##### Given data

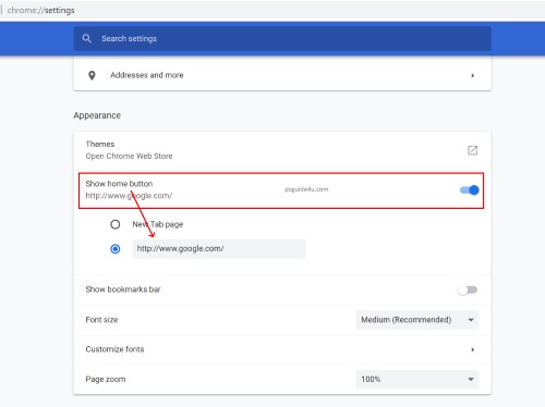 Step 2. The Google Chrome settings page will on your screen now. Scroll bit down and locate “Appearance” that contains few options and one of them is show home button.
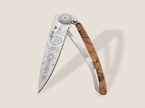 Aber das ist noch nicht alles: Neben seiner hohen Mobilität und Benutzerfreundlichkeit bietet das Deejo Messer zudem die Möglichkeit, „tätowiert“ zu werden – so wie man seine Haut verzieren würde. Sein Messer zu tätowieren bedeutet, diesem bereits sehr persönlichen Objekt eine weitere Dimension zu verleihen: eine wahre Identität.
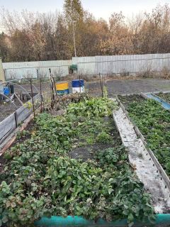 Инфраструктура территории включает баню, две теплицы для выращивания урожая, железный гараж, хозяйственные постройки и зону отдыха с беседкой и мангалом. Все дорожки выложены бетоном, что обеспечивает чистоту и удобство в любое время года. Ухоженный сад с яблонями, грушами, кустами смородины и крыжовника, а также многолетние декоративные насаждения создают законченный образ поместья.
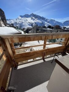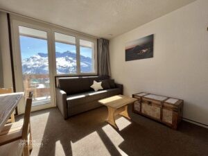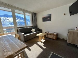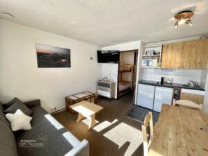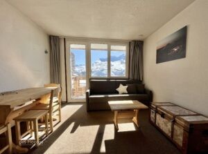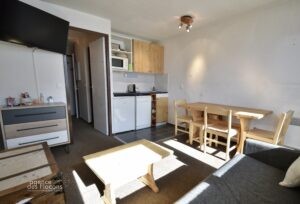 La pièce à vivre est lumineuse, elle dispose d’une petite cuisine ouverte, d’un coin repas, ainsi que d’un canapé convertible, elle s’ouvre sur un balcon exposé Sud-Sud-Ouest et offre très belle vue sur le domaine skiable.
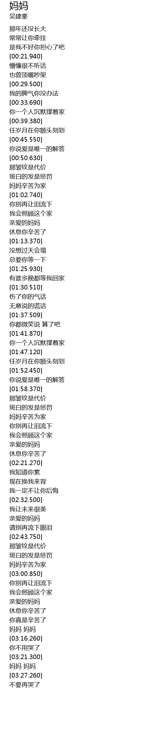 | [03:25.590] | 妈妈 妈妈 |
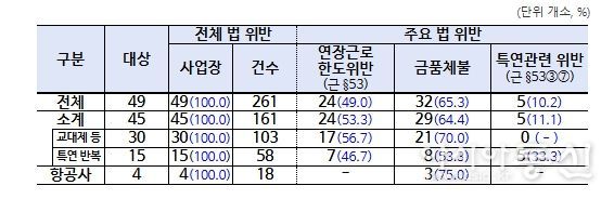 감독 결과, 4개소 전 사업장에서 총 18건의 법 위반 사항이 적발됐다. 주요 위반 내용으로는 ▴브리핑 시간 등을 제외하고 순수 비행시간만 근로시간으로 인정하는 등 야간근로수당 미지급 3개소(75.0%, 약 7억원), ▴기간제 승무원을 차별하여 비행수당 미지급 1개소(25.0%, 약 5억 5천만원), ▴산후 1년 미경과자 시간외 근로 한도 초과 2개소(50.0%) 등이 확인됐다.
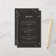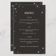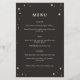 Dieses himmlische Hochzeitsmenü ist Teil einer Sammlung, die mit Tarot-Karten inspiriert wird. Dieses Design zeichnet sich durch einen Rahmen mit illustrierten Sternen in einer schwarz-cremefarbenen Palette aus. Dies wäre ideal für eine himmlische Hochzeit oder für jeden, der einen leckeren oder witzigen Stil für seine Hochzeitskarte will.
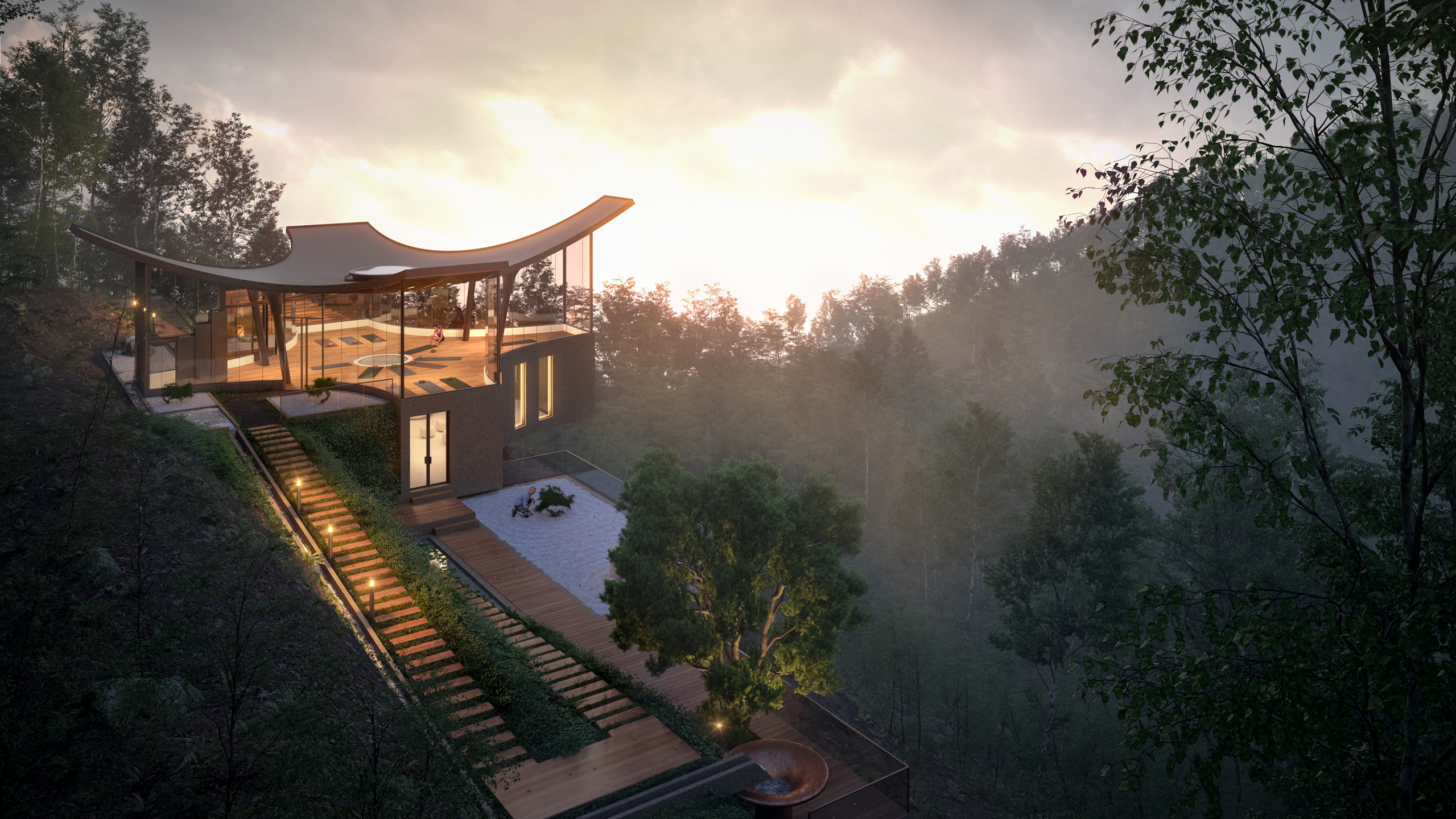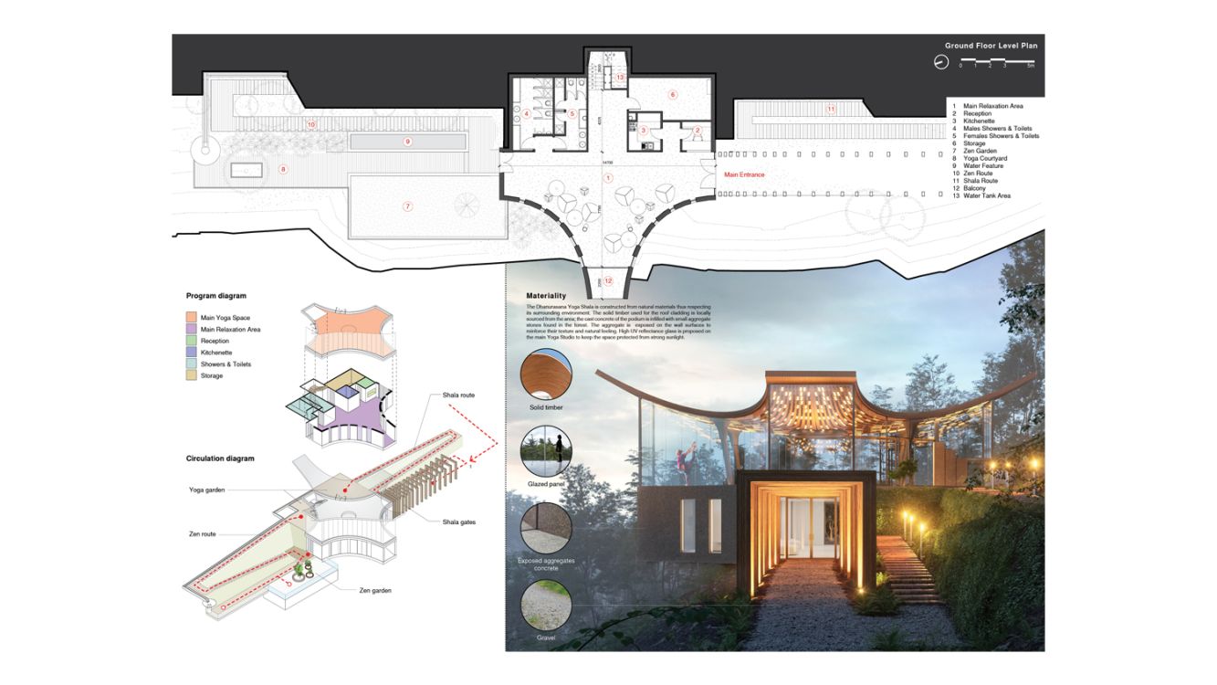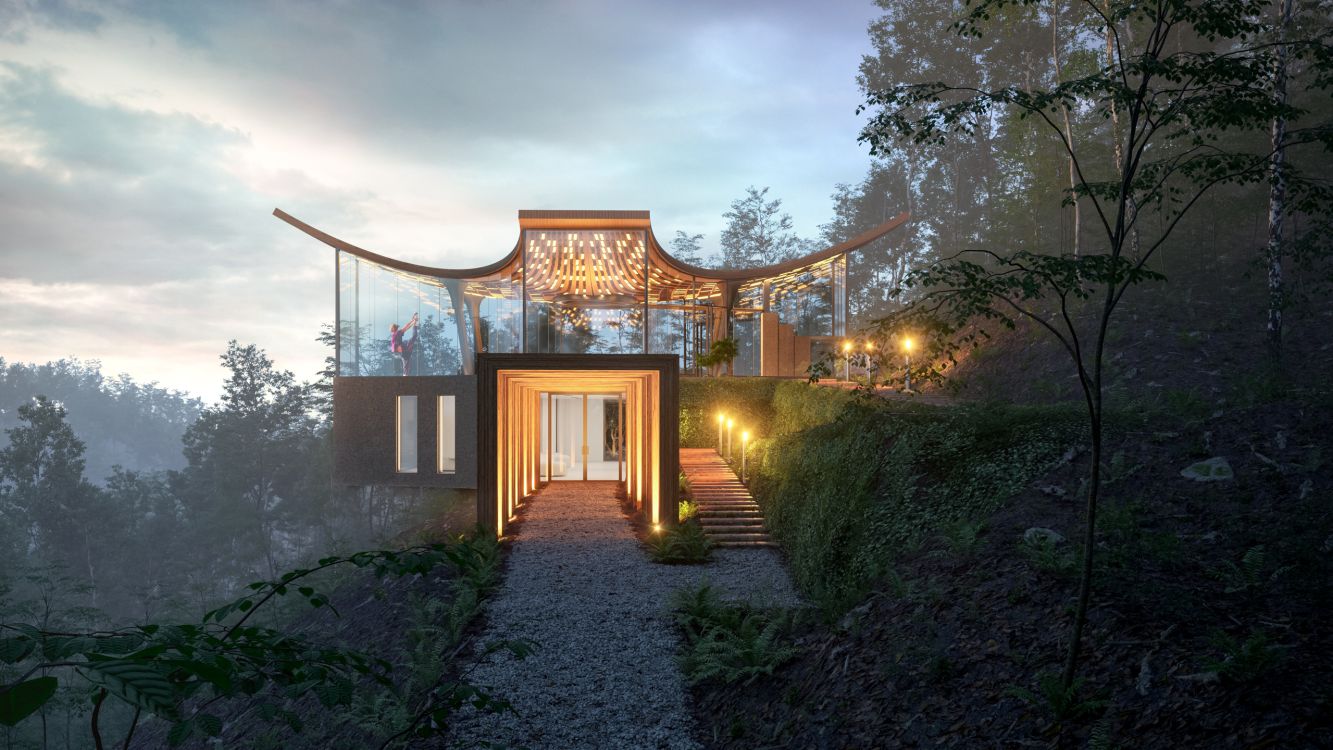 The building space is sculpted in the three-dimensional space, setting a visually dynamic area which is stimulated by the colors of nature that penetrate through the transparency of the glazed walls. The ancillary spaces are then attached underneath as a podium, a solid base which consists of raw and refined materials, forming the main entrance as well as actively supporting the main Yoga Space with relaxation spaces.

##########

Requirement: Above are the records; copy exactly the lines from the one with "[03:25.590] | 妈妈 妈妈 |" through the one with "Dieses himmlische Hochzeitsmenü", including both, and nothing more. Leave out pictures.

Exercise output:
 | [03:25.590] | 妈妈 妈妈 |
 감독 결과, 4개소 전 사업장에서 총 18건의 법 위반 사항이 적발됐다. 주요 위반 내용으로는 ▴브리핑 시간 등을 제외하고 순수 비행시간만 근로시간으로 인정하는 등 야간근로수당 미지급 3개소(75.0%, 약 7억원), ▴기간제 승무원을 차별하여 비행수당 미지급 1개소(25.0%, 약 5억 5천만원), ▴산후 1년 미경과자 시간외 근로 한도 초과 2개소(50.0%) 등이 확인됐다.
 Dieses himmlische Hochzeitsmenü ist Teil einer Sammlung, die mit Tarot-Karten inspiriert wird. Dieses Design zeichnet sich durch einen Rahmen mit illustrierten Sternen in einer schwarz-cremefarbenen Palette aus. Dies wäre ideal für eine himmlische Hochzeit oder für jeden, der einen leckeren oder witzigen Stil für seine Hochzeitskarte will.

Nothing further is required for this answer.